This is the case of the lad who arrived on the back of a lorry with no documents, money or anywhere to go and was assessed as being a man in his 20s rather than the 15 year old he claimed to be.
The Court decided that he had been falsely imprisoned for a period of 44 days. Additionally the Home Secretary was found, by proxy, to have breached the boy's Article 5 European Convention on Human Rights (ECHR) rights to liberty and security. The key elements of the decision appear to be -
"66. The Defendant submitted that an immigration officer who was exercising the power of detention was in an analogous position to that of a police officer having reasonable grounds on which to arrest, or the hospital trust admitting the patient on the basis of an application which appeared to be in order.
67. I do not consider that it is permissible to extend the powers of an immigration officer to detain in this way in the absence of express provision. In reaching that conclusion, I rely upon the well-established common law principle that "the right to liberty is of fundamental importance and that the courts should strictly and narrowly construe general statutory powers whose exercise restricts fundamental common law rights and/or constitutes the commission of a tort": per Lord Dyson in R (Lumba) v Secretary of State for the Home Department  1 AC 245, at …
Grounds of challenge to the legality of detention
(1) Age Assessment
113. In this case, Ms Noons said in evidence that she did not see it as her role to check whether or not the assessment was Merton-compliant. Indeed, she candidly admitted that she did not know what the Merton criteria were, and I concluded that she did not have the requisite training to decide whether or not the assessment was Merton-compliant. I accept the Claimant's submissions that, on the evidence, Ms Noon's decision to detain was unlawful because she failed to ask herself the right questions or take reasonable steps to acquaint herself with the information needed to make her decision. She did not follow the EIG policy and UKBA Guidance which I have referred to above. It was clear from the face of the assessment that there was no appropriate adult present; that it had been signed by only social worker; and that there were no comments by the Claimant on the social worker's adverse findings. This should have prompted Ms Noons to make further enquiries of the local authority. If she had done so, it could have become apparent at a much earlier stage that the local authority assessment was not Merton compliant, as was subsequently conceded by the local authority. …

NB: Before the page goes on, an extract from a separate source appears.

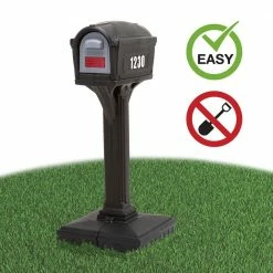 No more digging or concrete or hours to install a mailbox. The patent pending Dig-Free Easy Up Classic Mailbox can be installed in a few simple steps. Just level the surface, assemble the mailbox and post combination, fill base with sand and set in place. Super durable, double-wall construction is maintenance free and will last for years. Address numbers included. Holds over 100 lbs. of sand.
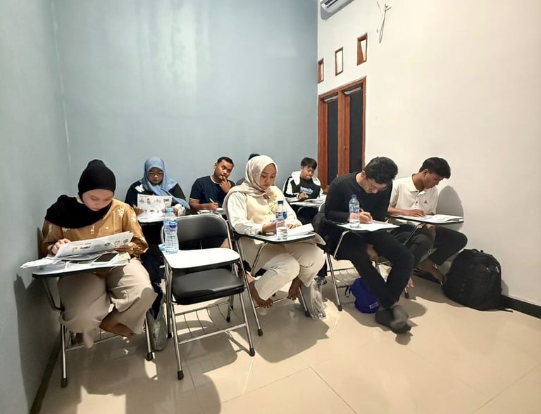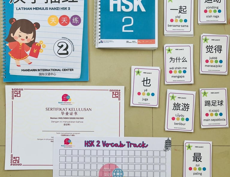 Ruang kelas nyaman, pengajar bersertifikat, dan modul lengkap untuk sukses HSK.

(2) Section 55, Borders, Citizenship and Immigration Act 2009
130. My conclusion is that, by failing to have regard to the need to safeguard and promote his welfare as a child, the immigration officers erred in law, rendering the decision to detain unlawful.
3) Article 5 ECHR
142. In this case, it is established on the evidence that the Defendant, when detaining the Claimant: a) failed to have regard to his best interests as a child, contrary to Article 3 UNCRC;
b) detained him with adults and failed to consider an alternative to detention, contrary to Article 37 UNCRC.
143. Therefore I conclude that the Claimant's detention was in breach of Article 5(1) ECHR, and hence unlawful under s.6(1) HRA 1998.

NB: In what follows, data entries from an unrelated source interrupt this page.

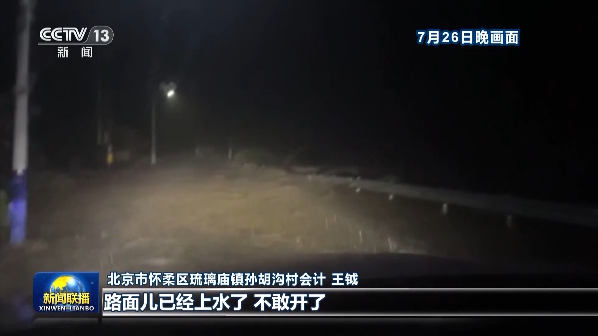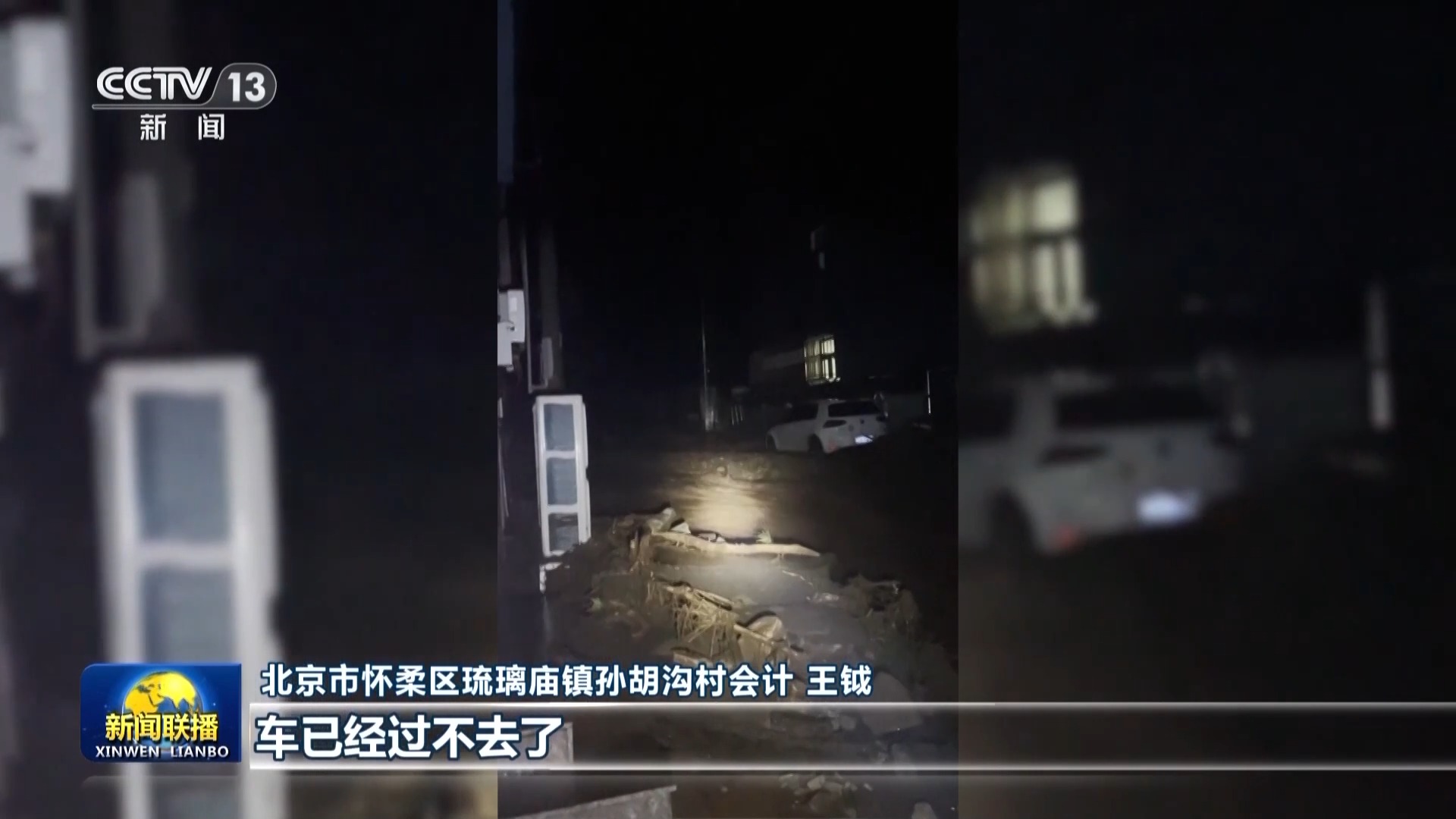 北京市怀柔区琉璃庙镇孙胡沟村会计 王钺:车已经过不去了,她准备蹚水过去。她老公蔡永章同志不放心,说他自己去,(尹春燕)书记说不行我必须跟着去。
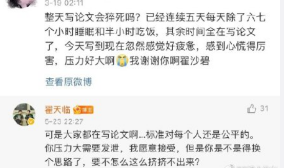 23日晚间,有网友在翟天临微博下留言,“翟天临,我论文查重又没过,你睡了吗?” 翟天临连续回复多位网友,鼓励大家加油写论文:“如果骂我能让你写好论文,我可以接受”、“我觉得我也承受了好多”、“关于知网这件事,改天好好聊聊,我也有委屈”。
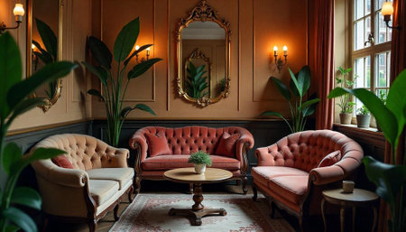 Elegant sitting room with vintage furniture and plant decorations
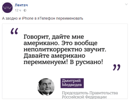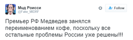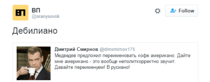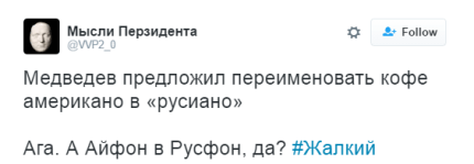 Напомним, на заседании Евразийского межправительственного совета Медведев предложил переименовать кофе "американо" в "русиано", что, по его мнению, будет более политкорректно.

(4) Detention in breach of policy and Hardial Singh principles
… 160. I accept that there was administrative delay in conducting the Claimant's initial screening interview. But in my view his detention was not unlawful, applying Hardial Singh principles. The purpose for which he was being detained was to obtain the necessary information to decide whether leave to enter should be granted or refused. The period of detention was reasonably necessary to achieve that purpose, taking into account the particular circumstances of his case, namely, that he was not eligible for the fast track process nor for Oakington. In my view, the Defendant acted with reasonable diligence and expedition. I do not consider that the delay in transferring the file, and the failure to meet the benchmark for conducting a screening interview, were sufficiently serious failings so as to justify a finding that detention was unlawful on Hardial Singh grounds. For the same reasons, the length of detention did not breach Article 5, as it did not "exceed that reasonably required for the purpose pursued" (Saadi, at ) nor did it breach paragraph EIG 55.1.3.
161.For the reasons set out above, the Claimant's detention was unlawful, and therefore he was falsely imprisoned for a period of 44 days. 162. The Claimant's detention was also in breach of Article 5 ECHR and the Human Rights Act 1998."